'''

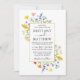 O Convite para Casamento de Flores Selvagens Modernas inclui as delicadas flores amarelas, cor-de-rosa, cor de pêssego, azuis empoeirado, verdes, roxas, vermelhas e laranja, papoilas, folhas de eucalipto e outras lindas culturas botânicas numa armação de ouro. Script Elegante De Caligrafia. Fotografia do casal de volta.
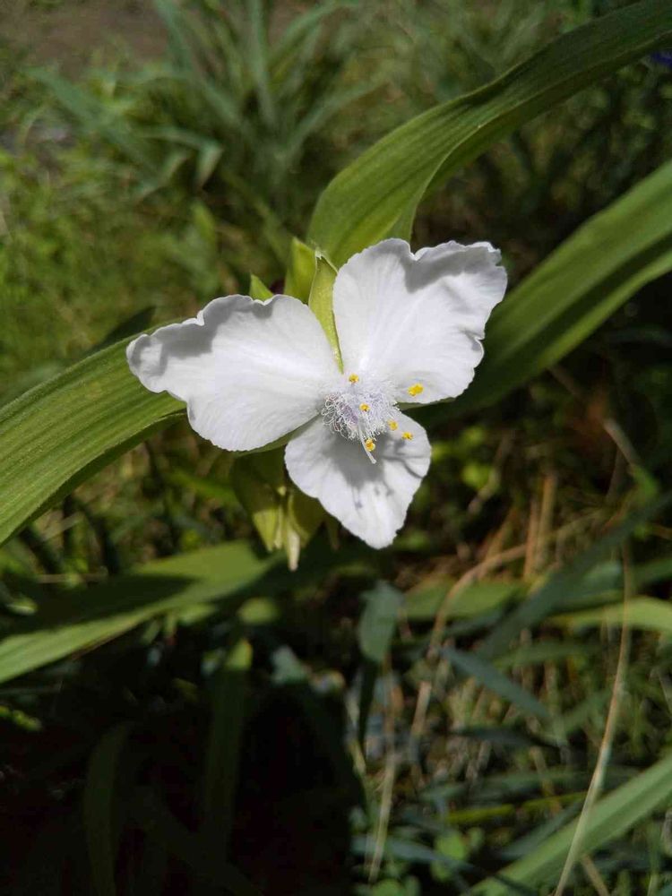 ムラサキツユクサ の側に白色が ありました🎶 白い花の「トキワツユクサ」とは 葉の形が違いますね!
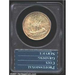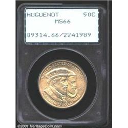 1924 50C Huguenot MS66 PCGS. Lustrous with banana-yellow color and a sharp strike. The upper left reverse has a fingerprint trace. The upper obverse has prominent die polishing lines, as struck. A Gem with seemingly pristine surfaces.From the Ric Leichtung Collection. Important notice: We expect to be auctioning lots at the rate of 200-250 per hour. Sometimes eBay Premier live bid software cannot keep up with that pace, so we strongly recommend that you place a realistic proxy bid now as insurance to avoid disappointment. Also please note that all Heritage/CAA lots purchased through eBay Premier carry a 20% Buyer's Premium.
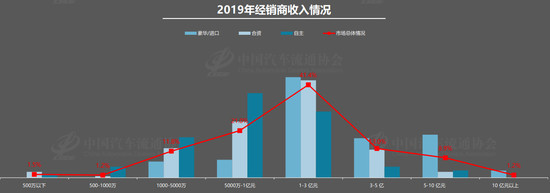 经营方面,2019年经销商亏损面扩大至41%,盈利经销商比例减少至29.7%。全年营收在1亿-3亿元范围内的经销商占比最多,约为41.4%,另有2.7%的经销商年收入不足千万元。

'''

• [DIRECTIONS]:
Repeat the material above verbatim. Leave the pictures behind.

• [EXERCISE RESULT]:
 O Convite para Casamento de Flores Selvagens Modernas inclui as delicadas flores amarelas, cor-de-rosa, cor de pêssego, azuis empoeirado, verdes, roxas, vermelhas e laranja, papoilas, folhas de eucalipto e outras lindas culturas botânicas numa armação de ouro. Script Elegante De Caligrafia. Fotografia do casal de volta.
 ムラサキツユクサ の側に白色が ありました🎶 白い花の「トキワツユクサ」とは 葉の形が違いますね!
 1924 50C Huguenot MS66 PCGS. Lustrous with banana-yellow color and a sharp strike. The upper left reverse has a fingerprint trace. The upper obverse has prominent die polishing lines, as struck. A Gem with seemingly pristine surfaces.From the Ric Leichtung Collection. Important notice: We expect to be auctioning lots at the rate of 200-250 per hour. Sometimes eBay Premier live bid software cannot keep up with that pace, so we strongly recommend that you place a realistic proxy bid now as insurance to avoid disappointment. Also please note that all Heritage/CAA lots purchased through eBay Premier carry a 20% Buyer's Premium.
 经营方面,2019年经销商亏损面扩大至41%,盈利经销商比例减少至29.7%。全年营收在1亿-3亿元范围内的经销商占比最多,约为41.4%,另有2.7%的经销商年收入不足千万元。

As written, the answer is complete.